> MATERIALS PROVIDED:
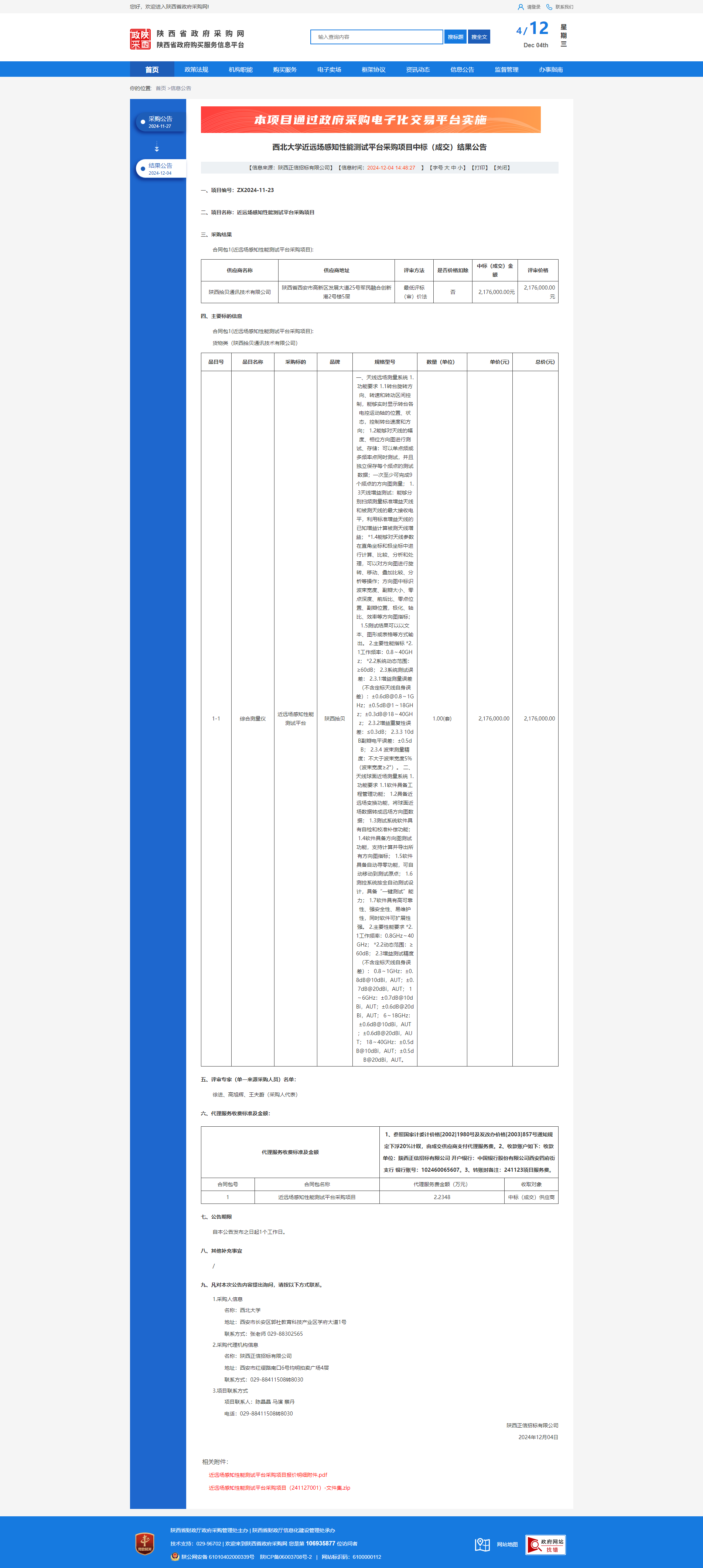乐投平台感知元件电磁参数测试平台等设备采购项目中标(成交)结果公告
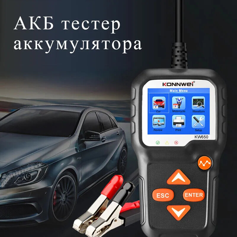 Купить Автомобильный тестер батарей АКБ автомобилей Konnwei KW650 6 В/12 В
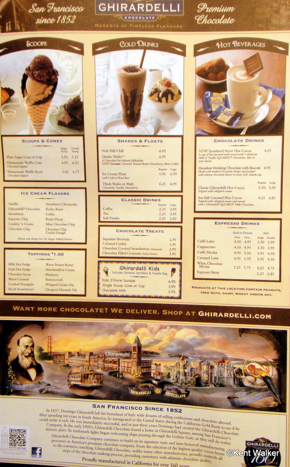 Our family has been to San Francisco and visited the Ghirardelli Square shop, so we knew how good their chocolate, sundaes and chocolate drinks were. Other than the much larger selection of chocolate in San Francisco, the soda fountains are very similar.
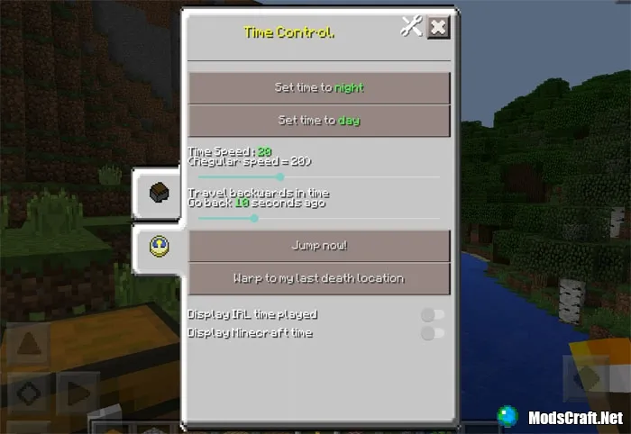 В меню управлении временем “Time Control” вы также можете включить опции Display IRL time played” / “Display Minecraft time”, которые будут показывать время, которое вы провели в игре и игровое время Minecraft.
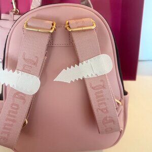 - Details: Pink faux leather handle, adjustable logo straps, and interior Juicy logo lining
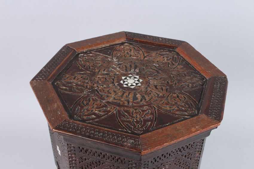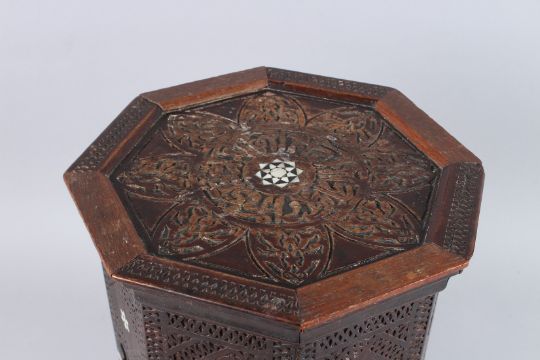 AN ISLAMIC OCTAGONAL TABLE inlaid with mother-of-pearl and bone.
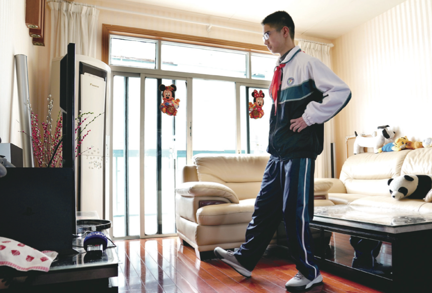 3月2日,上海市三門中學(xué)初二學(xué)生孫旭涵跟隨在線教育體育課老師學(xué)習(xí)居家健身操(劉穎 / 攝)
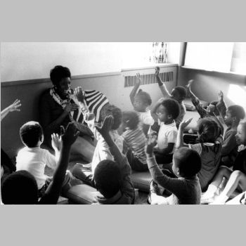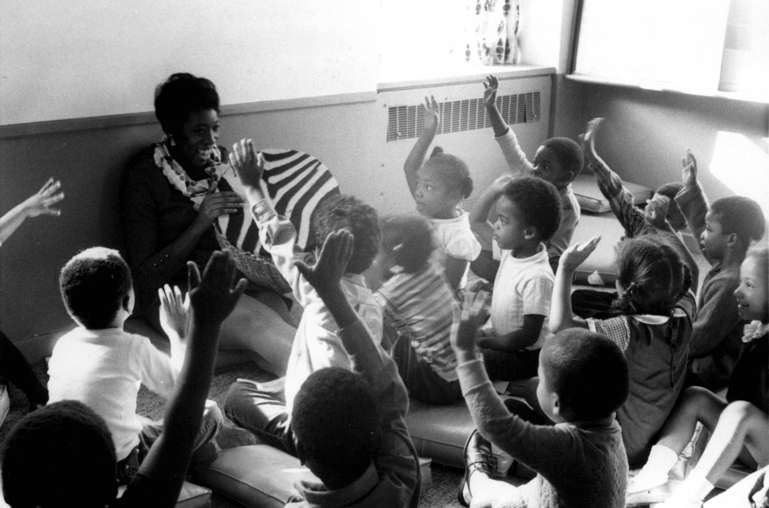 p9136 Buildings & Institutions Libraries Montclair Public Library Fourth Building 50 South Fullerton Avenue Interiors Libraries People group portrait Daisy Hightower Librarians Events Special "Head Start Children Story Hours" Fall 1970
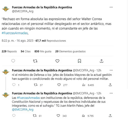 “Rechazo en forma absoluta las expresiones del señor Walter Correa relacionadas con el personal militar desplegado en el sector antártico, más aún cuando en ningún momento, ni el comandante en jefe de las Fuerzas Armadas, ni el Ministro de Defensa o los jefes de Estados Mayores de la actual gestión, han sugerido o condicionado de modo alguno el voto del personal militar”, señaló el Teniente General.
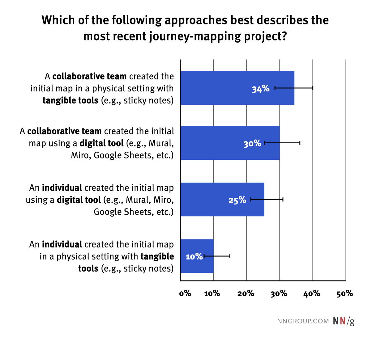 64%的實踐者報告了協同創作,34%使用物理工具(如便籤和紙張),30%使用數字工具(如Miro、Mural或Google Sheets),而36%的實踐者獨立建立旅程圖。
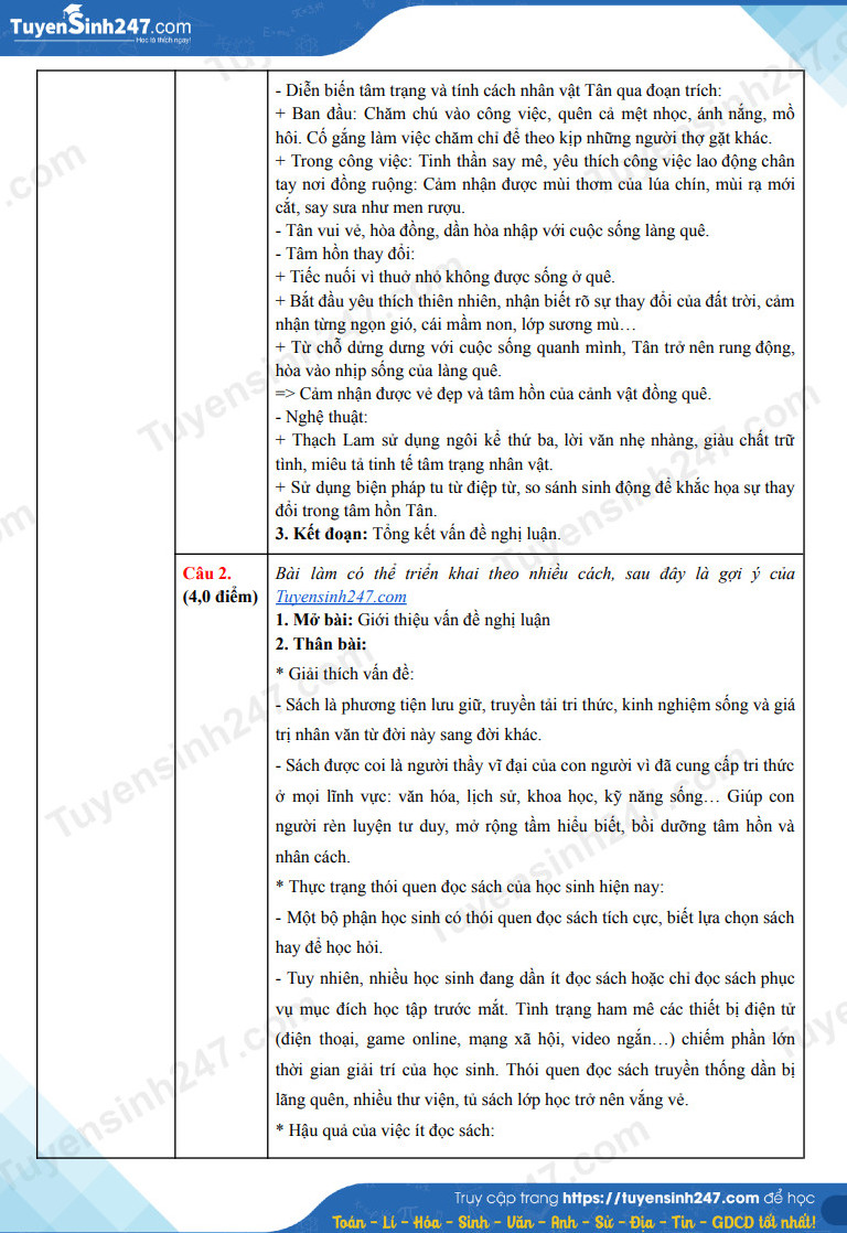 Câu 2 (4,0 điểm). Sách là người thầy vĩ đại của con người. Tuy nhiên, xã hội hiện đại với sự phát triển của nhiều hình thức giải trí đã khiến cho một bộ phận học sinh ít đọc sách, thậm chí thờ ơ, dửng dưng với sách. Hãy viết một bài văn (khoảng 500 chữ) trình bày suy nghĩ của em về vấn đề trên và đề xuất một số giải pháp để học sinh thay đổi thói quen đọc sách.
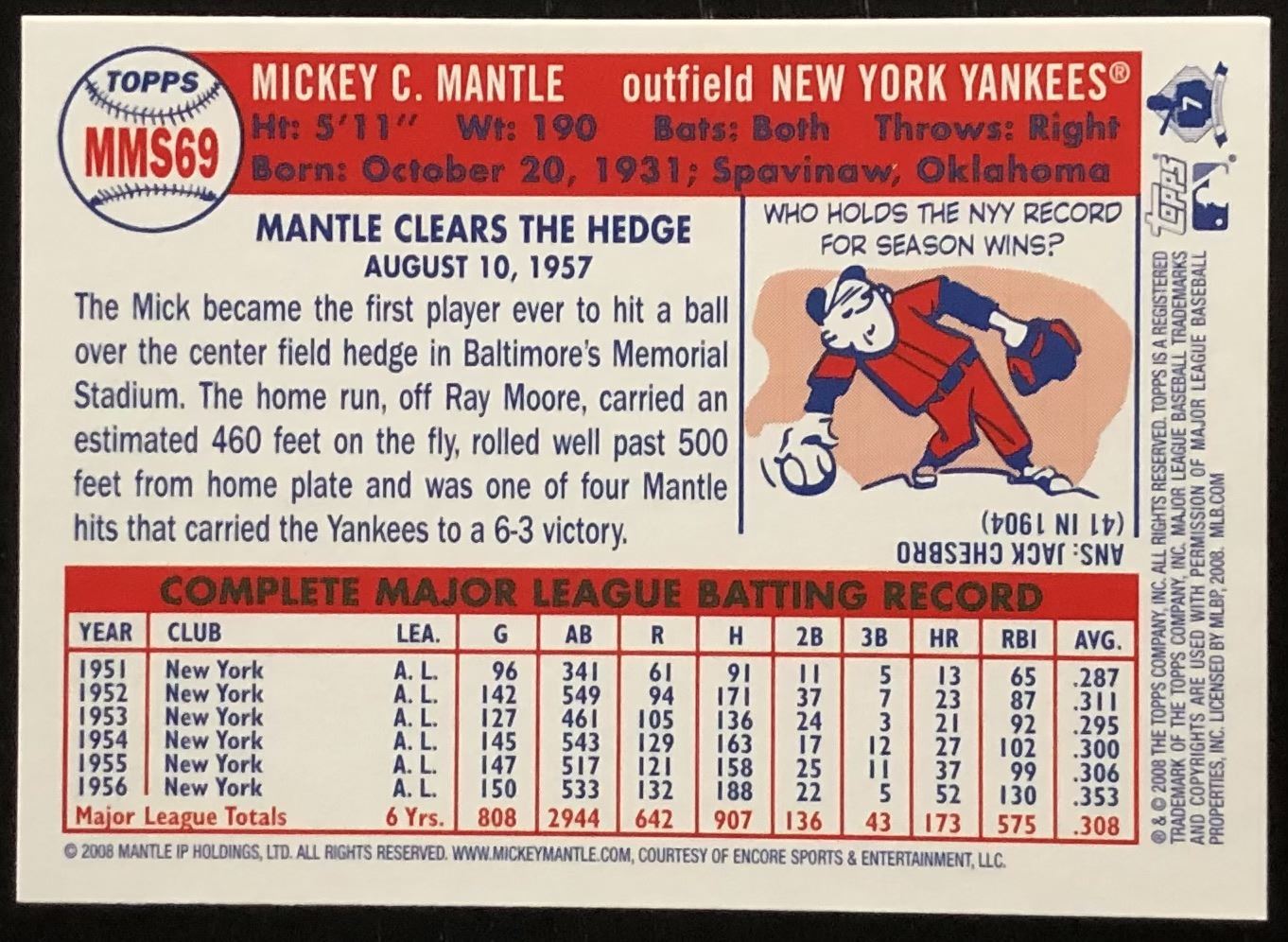 Card #MMS69 MLB, baseball, hall of fame
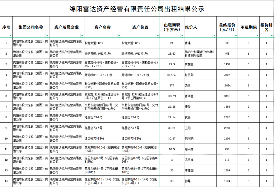 綿陽(yáng)富達(dá)資產(chǎn)經(jīng)營(yíng)有限責(zé)任公司出租結(jié)果公示
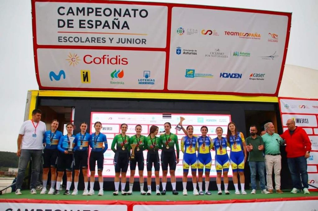 La Selección de la Comunidad Valenciana ha logrado esta mañana las dos primeras medallas del Campeonato de España Escolar y Júnior que ha comenzado hoy en Avilés. La Selección cadete masculina se han colgado el oro en la CRE. Óscar Morante, Asier Fortea, Jordi Peris y Pau Salvador han volado en la prueba contrarreloj. El combinado de Castilla y León ha terminado segunda y Euskadi ha completado el podio.

> TASK GOAL:
The output is the stretch above from the line with "3月2日,上海市三門中學(xué)初二學(xué)生孫旭涵跟隨在線教育體育課老師學(xué)習(xí)居家健身操(劉穎 / 攝)" through the line with "綿陽(yáng)富達(dá)", copied word for word with both ends kept and every picture dropped.

> RESPONSE TO THE EXERCISE:
 3月2日,上海市三門中學(xué)初二學(xué)生孫旭涵跟隨在線教育體育課老師學(xué)習(xí)居家健身操(劉穎 / 攝)
 p9136 Buildings & Institutions Libraries Montclair Public Library Fourth Building 50 South Fullerton Avenue Interiors Libraries People group portrait Daisy Hightower Librarians Events Special "Head Start Children Story Hours" Fall 1970
 “Rechazo en forma absoluta las expresiones del señor Walter Correa relacionadas con el personal militar desplegado en el sector antártico, más aún cuando en ningún momento, ni el comandante en jefe de las Fuerzas Armadas, ni el Ministro de Defensa o los jefes de Estados Mayores de la actual gestión, han sugerido o condicionado de modo alguno el voto del personal militar”, señaló el Teniente General.
 64%的實踐者報告了協同創作,34%使用物理工具(如便籤和紙張),30%使用數字工具(如Miro、Mural或Google Sheets),而36%的實踐者獨立建立旅程圖。
 Câu 2 (4,0 điểm). Sách là người thầy vĩ đại của con người. Tuy nhiên, xã hội hiện đại với sự phát triển của nhiều hình thức giải trí đã khiến cho một bộ phận học sinh ít đọc sách, thậm chí thờ ơ, dửng dưng với sách. Hãy viết một bài văn (khoảng 500 chữ) trình bày suy nghĩ của em về vấn đề trên và đề xuất một số giải pháp để học sinh thay đổi thói quen đọc sách.
 Card #MMS69 MLB, baseball, hall of fame
 綿陽(yáng)富達(dá)資產(chǎn)經(jīng)營(yíng)有限責(zé)任公司出租結(jié)果公示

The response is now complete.